In Hello America, a powerful, sociopathic madman bunkered down in Las Vegas and claimed the title of President of the United State long after the political entity had ceased to exist. He revealed to his loyal followers that his goal was “to make America great again” and filled the skies with holographic projections meant to evoke the glories of the American past. Published in 1981, this seems beyond prescient and underscored just how fragile the line is between futures imagined and the present.

The overgrown skyline of London, in contrast, seems to recycle Barcelona’s Antonio Gaudí’s fin-de-siecle fascination with nature and natural forms in his architectural masterpieces. As any number of the museums dedicated to Gaudí’s work remind visitors, his use of natural forms in his architecture sought to make clear the organic relationship between humanity and the creator. The dense tropical landscape of inundated London represented a literal expression of the city as a “concrete jungle.” The work of humanity neither succumbs to nature nor erases it, but reveals that it is part of the same process. Flooded buildings become lairs for giant iguanas and caimans, they stabilize sandbars and reefs giving purchase to vegetation, and even shelter desperate individuals in their struggle to cling to civilization. There is no hint of the Anthropocene in either of the novels largely because Ballard has determined that humanities and nature cannot be separated.

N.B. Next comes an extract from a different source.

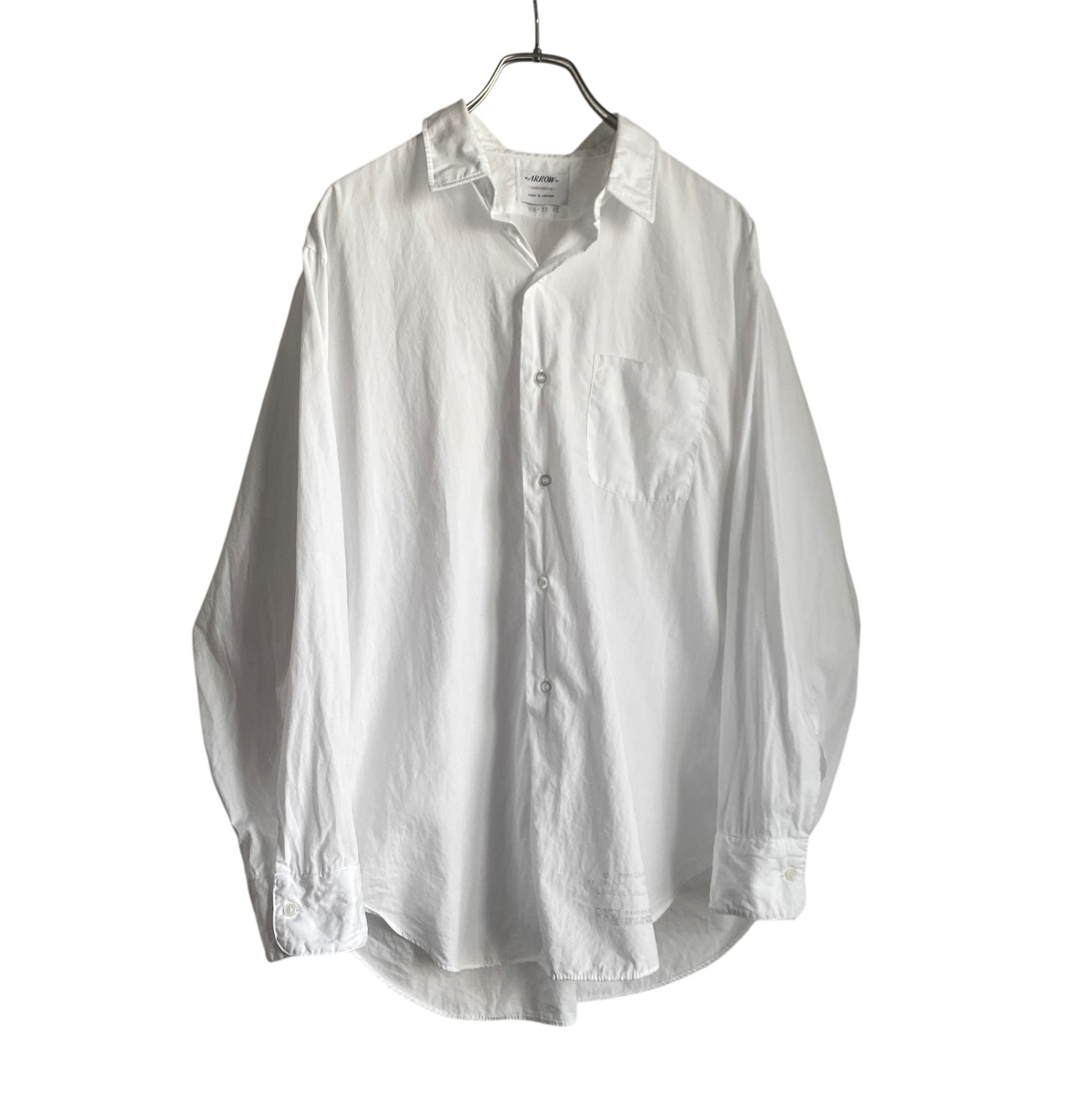 高番手の糸を使用した、ハリコシのある非常に上質な生地感のコットン100%ブロードクロスに、16-33(L相当)の非常にバランスの良いシルエットが素晴らしい一着。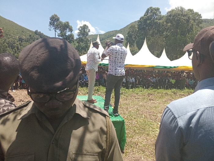This image depicts an outdoor public gathering in Manda-Shivanga ward, Kenya, characterized by a clear sky and a backdrop of lush green forested hills

3. Time. Of course, the relationship between the past and the future is temporal, but for Ballard, time doesn’t simply march forward. In uterine environment of The Drowned World, time regresses from the catastrophic Holocene to the miasmic mists of the Triassic. Time drags the characters in the novel along with it as they become driven by long suppressed instincts awaken by their changing environment. These are, of course, communicated in haunting dreams which create an overwhelming impulse to regress, retreat, and survive. In Hello America, the trip from the deserted east coast to the tropic Las Vegas represents a voyage from the tense civilization of an exploratory expedition sent to investigate seismic and radioactive events in abandoned North America to a depraved form of egalitarianism grounded in violence and survival.  

In archaeology, we assume that we can remove more recent deposits to reveal deeper layers of the past. For Ballard, though, the past isn’t just revealed by physically uncovering or restoring the abandoned remains of human civilization, but also by moving forward through it. In Hello America, two characters scuffle in the long-abandoned Oval Office over who could claim to be President of the United States after taking time to clear debris and tidy up in an attempt to restore it to its past significance. The future, however, is not the Oval Office, but deeper in the human past exposed during the trip across the deserted continent. The same is the case for The Drowned World in which time starts to regress and the characters are drawn inexplicably toward the south and the place of human origins.